Loading Templates with Django's app_directories.Loader

I don't really like having one monolithic templatee folder. You end in with a scenario where you have to go digging, in a completely separate path for the template that goes with a given view, and that can be very disrupting when you're in the middle of working on something.

In my current proejct I wanted to use Django's app_directories loader to try to keep the templates physically close to the views that use them. Then I started working with it and I realized how annoying it'd be to use!

When I create a listing page I generally name the template file index.html or maybe listing.html depending on it's usage. Edit pages are normally edit.html, details pages are normally details.html and so on. However, the app_directories's loader class doesn't differentiate in any way between your different modules. This is the root of my issue.

In some magical world it'd use the source of the call to identify what was the most likely module, and then maybe do some guesses for likely fallbacks. But that's not really sane to try to implement, hell I don't even think it's really possible.

The official method is to build subdirectories under the application template folders. This means you'd have projectname/appname/templates/appname/index.html or projectname/appname/subappname/templates/appname/subappname/index.html.

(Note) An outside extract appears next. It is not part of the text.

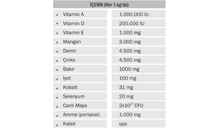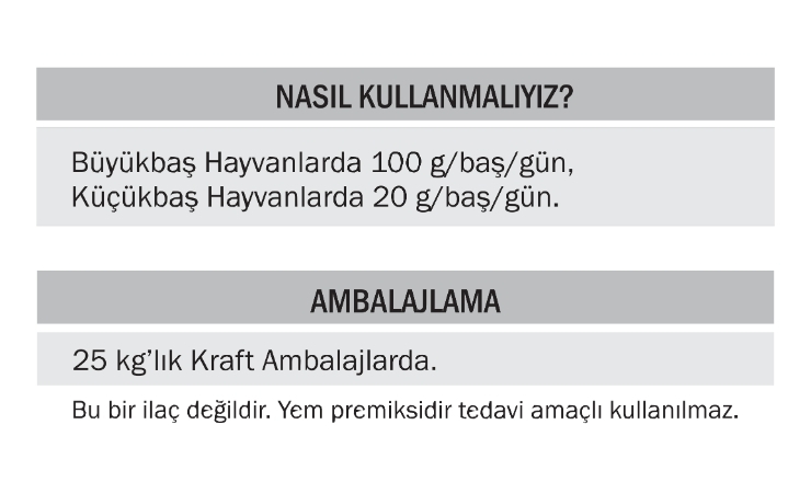• ✓ Sağlık parametrelerini iyileştirerek süt ve besi performansını destekler.
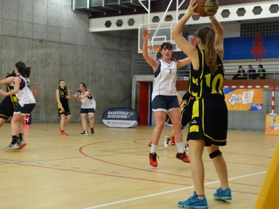 Tras la reanudación, las chicas de Egibide se mostraban imparables. Tan sólo dos minutos les bastaban para, con canastas de Uxue Aldama y Garazi Pérez de Gereñu, un triple de Ainhoa Fernández de Matauko y dos imponentes tapones de Andrea Gomes, alcanzar la máxima diferencia hasta el momento, 18 puntos.

The other common 'fix' for this is to prefix your filenames so they'd all be appname-index.html or appname-subappname.html and the like.

I don't really care for either. The pathing solution ends up with a lot of redundancy, and you still have to maintain the kinda structure I'm wanting to avoid, and even if the structure is localized it's still annoying to have to go through. The prefixing just seems sloppy, and if you ever do accidentally have a conflicting name, which can happen, you could have a potentially hard to spot bug.

The best idea I've thought of so far to fix this is to have your render methods look like this: render_to_string(template_app, template_name, dictionary=None, context_instance=None). This way you just pass in the app name when you call it. Now I don't care for the inherent redundancy this would cause either, but it seems to me to be the lesser of the evils.

The idea had me digging into the internals of how Django works with loading templates and what I needed to do to make this really work. What I found wasn't that bad. The Loader api is pretty simple, however, there was a few undocumented and non obvious requirements. Also you can't circumvent the Loader system completely as that breaks other facets of the framework. Some of this would have been extremely painful to figure out if PyCharm didn't have such a great debugger.

It's pretty straight forward to use.

TEMPLATE_LOADERS = (('appname.common.templates.AppSpecificLoader',),)

if not DEBUG:
    TEMPLATE_LOADERS = (('django.template.loaders.cached.Loader',
        ('appname.common.templates.AppSpecificLoader',)),
    )

Then you just need to import the render method and use it instead of the default, alternatively there is also a django-annoying inspired decorator that can be used to revent the redundant code many of us have for building the response object.